In this linear process, the vector space (whose vectors could be denoted by $\hat{y}$) is given by the weight vectors and all possible tensor products thereof, while A is a large matrix with matrix elements given by the F_ℓ, the so-called quantum Carleman matrix (QCM). In principle, this linear relation is infinitely dimensional, so we are replacing the original non-linear recursions to an infinite set of linear relations. If we wish to solve this infinite process by a digital system, we need to make truncation. In this work, we show that for dissipative systems (whose QCMs have enough negative eigenvalues, roughly corresponding to large enough positive eigenvalues for the Hessian of the loss functions in classical neural networks; the positive eigenvalues are called dissipative modes in the supplementary material, while negative eigenvalues are called divergent modes), the truncation error can be well-controlled.

For sparse, dissipative systems, Eq. (5) can be treated as a matrix inversion problem, thus solved by the HHL algorithm using quantum computers,

$$\left[\begin{array}{ccccc}I&&&&\\ -(I\,+\,A)&I&&&\\ &\ddots &\ddots &&\\ &&-(I\,+\,A)&I&\\ &&&-(I\,+\,A)&I\\ \end{array}\right]\left[\begin{array}{c}\hat{y}(0)\\ \hat{y}(1)\\ \vdots \\ \hat{y}(T-1)\\ \hat{y}(T)\\ \end{array}\right]=\left[\begin{array}{c}{\hat{y}}_{{{{{{{{\rm{in}}}}}}}}}\\ b\\ \vdots \\ b\\ b\\ \end{array}\right].$$

(6)

Here, we are considering T + 1 iterations in total from t = 0 to t = T, and the vector space has been further extended T + 1 times. I is the identity matrix, and ${\hat{y}}_{{{{{{{{\rm{in}}}}}}}}}$ is the initial weight vector corresponding to u_in, written as a tensor product. This quantum ODE solver is our primary strategy towards solving stochastic gradient descent equations using quantum computers.

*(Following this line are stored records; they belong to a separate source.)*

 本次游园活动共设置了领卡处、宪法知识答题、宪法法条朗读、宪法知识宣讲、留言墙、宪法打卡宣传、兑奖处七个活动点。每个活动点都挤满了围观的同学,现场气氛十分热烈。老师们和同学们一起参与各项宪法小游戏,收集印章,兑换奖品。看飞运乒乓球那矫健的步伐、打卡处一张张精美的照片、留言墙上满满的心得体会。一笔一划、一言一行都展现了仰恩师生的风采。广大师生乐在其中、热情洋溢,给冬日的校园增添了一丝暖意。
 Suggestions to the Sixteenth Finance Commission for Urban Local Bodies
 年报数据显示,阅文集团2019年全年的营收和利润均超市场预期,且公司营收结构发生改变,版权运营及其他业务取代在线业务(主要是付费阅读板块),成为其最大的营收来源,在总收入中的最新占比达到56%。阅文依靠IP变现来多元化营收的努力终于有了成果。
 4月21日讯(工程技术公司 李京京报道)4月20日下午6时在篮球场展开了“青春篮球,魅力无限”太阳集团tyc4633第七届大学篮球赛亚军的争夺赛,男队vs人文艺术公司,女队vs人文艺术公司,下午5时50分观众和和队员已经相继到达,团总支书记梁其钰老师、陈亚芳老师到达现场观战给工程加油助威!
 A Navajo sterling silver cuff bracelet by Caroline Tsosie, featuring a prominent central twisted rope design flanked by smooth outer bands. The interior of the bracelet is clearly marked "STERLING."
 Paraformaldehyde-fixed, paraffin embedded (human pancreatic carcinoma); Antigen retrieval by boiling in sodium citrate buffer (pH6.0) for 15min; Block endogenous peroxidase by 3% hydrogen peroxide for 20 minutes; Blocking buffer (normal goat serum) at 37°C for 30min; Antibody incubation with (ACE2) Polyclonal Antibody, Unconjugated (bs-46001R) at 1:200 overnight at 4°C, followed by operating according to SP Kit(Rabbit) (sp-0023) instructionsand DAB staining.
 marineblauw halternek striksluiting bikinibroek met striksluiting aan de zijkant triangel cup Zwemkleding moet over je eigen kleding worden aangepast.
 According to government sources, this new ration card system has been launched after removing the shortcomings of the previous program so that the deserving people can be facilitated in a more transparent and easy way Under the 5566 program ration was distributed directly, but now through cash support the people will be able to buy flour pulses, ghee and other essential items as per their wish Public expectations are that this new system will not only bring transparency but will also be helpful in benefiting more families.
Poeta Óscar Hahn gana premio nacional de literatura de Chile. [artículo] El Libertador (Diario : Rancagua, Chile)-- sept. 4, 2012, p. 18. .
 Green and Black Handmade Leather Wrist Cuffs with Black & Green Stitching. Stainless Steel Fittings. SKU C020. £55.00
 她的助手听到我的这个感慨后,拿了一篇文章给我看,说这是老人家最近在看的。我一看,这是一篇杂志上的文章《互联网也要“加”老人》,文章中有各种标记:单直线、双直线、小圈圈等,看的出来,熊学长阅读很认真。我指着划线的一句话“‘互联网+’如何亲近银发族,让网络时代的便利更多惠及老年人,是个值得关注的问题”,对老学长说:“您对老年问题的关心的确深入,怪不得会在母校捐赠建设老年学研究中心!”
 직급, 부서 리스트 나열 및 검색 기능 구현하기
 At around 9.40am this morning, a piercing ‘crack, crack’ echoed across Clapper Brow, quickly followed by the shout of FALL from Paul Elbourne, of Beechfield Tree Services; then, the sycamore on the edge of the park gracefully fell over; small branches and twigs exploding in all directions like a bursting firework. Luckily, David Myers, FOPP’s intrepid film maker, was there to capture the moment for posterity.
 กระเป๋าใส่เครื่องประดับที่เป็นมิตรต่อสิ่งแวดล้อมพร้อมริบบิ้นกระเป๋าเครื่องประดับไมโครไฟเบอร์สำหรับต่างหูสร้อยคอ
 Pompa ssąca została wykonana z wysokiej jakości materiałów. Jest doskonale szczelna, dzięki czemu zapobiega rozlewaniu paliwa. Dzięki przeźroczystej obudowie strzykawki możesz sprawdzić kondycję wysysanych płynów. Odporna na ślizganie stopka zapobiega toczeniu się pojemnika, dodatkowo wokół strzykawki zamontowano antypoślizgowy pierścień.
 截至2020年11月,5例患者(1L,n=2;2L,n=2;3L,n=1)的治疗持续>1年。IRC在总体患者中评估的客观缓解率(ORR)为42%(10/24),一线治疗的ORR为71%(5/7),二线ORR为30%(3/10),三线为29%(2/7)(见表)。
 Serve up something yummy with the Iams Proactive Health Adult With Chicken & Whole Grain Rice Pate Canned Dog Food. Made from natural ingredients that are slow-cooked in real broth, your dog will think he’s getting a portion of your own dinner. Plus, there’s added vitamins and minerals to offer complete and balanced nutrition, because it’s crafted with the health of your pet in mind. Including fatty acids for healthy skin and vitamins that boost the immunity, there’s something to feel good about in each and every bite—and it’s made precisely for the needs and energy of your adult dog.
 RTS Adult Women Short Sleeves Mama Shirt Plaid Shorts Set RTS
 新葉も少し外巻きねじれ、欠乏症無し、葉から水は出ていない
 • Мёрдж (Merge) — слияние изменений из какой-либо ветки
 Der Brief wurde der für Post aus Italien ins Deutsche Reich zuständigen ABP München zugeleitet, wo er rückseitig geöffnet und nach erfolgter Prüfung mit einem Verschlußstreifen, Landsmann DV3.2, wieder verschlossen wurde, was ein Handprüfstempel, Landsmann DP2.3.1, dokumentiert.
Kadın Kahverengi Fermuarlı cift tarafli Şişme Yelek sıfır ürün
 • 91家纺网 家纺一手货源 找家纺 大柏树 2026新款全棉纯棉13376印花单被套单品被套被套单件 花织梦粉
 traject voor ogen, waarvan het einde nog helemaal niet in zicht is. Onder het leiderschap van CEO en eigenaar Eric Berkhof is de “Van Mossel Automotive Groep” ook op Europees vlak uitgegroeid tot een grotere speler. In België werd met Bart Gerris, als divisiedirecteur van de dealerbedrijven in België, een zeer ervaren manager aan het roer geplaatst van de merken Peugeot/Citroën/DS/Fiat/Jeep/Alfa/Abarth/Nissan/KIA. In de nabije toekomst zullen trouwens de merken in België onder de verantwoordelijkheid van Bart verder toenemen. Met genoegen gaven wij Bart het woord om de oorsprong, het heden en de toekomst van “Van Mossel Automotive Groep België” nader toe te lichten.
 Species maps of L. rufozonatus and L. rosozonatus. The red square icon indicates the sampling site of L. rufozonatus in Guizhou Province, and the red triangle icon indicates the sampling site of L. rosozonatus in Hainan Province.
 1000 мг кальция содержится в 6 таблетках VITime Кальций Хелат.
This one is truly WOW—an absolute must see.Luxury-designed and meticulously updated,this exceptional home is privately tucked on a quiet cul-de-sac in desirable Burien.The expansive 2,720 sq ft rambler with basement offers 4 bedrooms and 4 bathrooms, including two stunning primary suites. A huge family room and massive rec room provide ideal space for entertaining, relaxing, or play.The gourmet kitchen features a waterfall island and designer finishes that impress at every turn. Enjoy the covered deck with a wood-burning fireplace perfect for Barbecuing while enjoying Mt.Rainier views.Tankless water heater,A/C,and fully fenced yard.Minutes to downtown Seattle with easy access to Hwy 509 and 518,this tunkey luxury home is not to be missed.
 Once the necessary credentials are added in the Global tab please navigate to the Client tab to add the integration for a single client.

Although similar to its continuous version³⁰, the distinct differences between our algorithms and those of ref. ³⁰ are extensively discussed in the supplementary material. More precisely, the discrete contributions will lead to higher order terms in the learning rate η. In fact, in the continuous case A is linearly depending on various F, while in the discrete case, A also has contributions scaling as η²F² + η³F³ ⋯ (see the supplementary material for detailed examples). In the limit where η → 0, the discrete contributions become identical to the continuous ones. It is also worth clarifying that those discrete contributions go beyond those considered in ref. ³⁰. In fact, although one has to discretize the differential equations eventually in the ODE setup of ref. ³⁰, the time derivative is computed before discretization for higher order Carleman linearization. For instance, d(u^⊗2)(t) is treated as du ⊗ u + u ⊗ du both at the time t, while in the discrete case one has to consider contributions both from the (t + 1)-st step and the t-th step. This contribution is the primary difference between the continuous and the discrete ODEs. Finally, in our problem setup, we always assume that an explicit form of the gradient descent equation is accessible, such that one can construct the Carleman linearization and make it available to quantum devices. This may not always be true for generic complicated classical neural networks whose complexity of analytic decomposition might grow with the size of the network. We leave a more thorough treatment to future research.

Numerical analysis

In this part of our work, we focus on providing numerical evidence of a potential quantum enhancement for large-scale machine-learning models. Commercial large-scale LLMs like GPT-3 can have ${{{{{{{\mathcal{O}}}}}}}}(100)$ billion parameters and even more, which is challenging as a starting point due to its tremendous computational costs. Instead, here we provide examples of classification and computer vision machine learning models, which are relatively small compared to language models used in industry. Our computational resources allow us to achieve the scale up to ${{{{{{{\mathcal{O}}}}}}}}(100)$ million, which is both practically minded and reachable. We expect that LLMs and other models will feature a similar behavior to those examples since our algorithm works in general as a replacement for stochastic gradient descent.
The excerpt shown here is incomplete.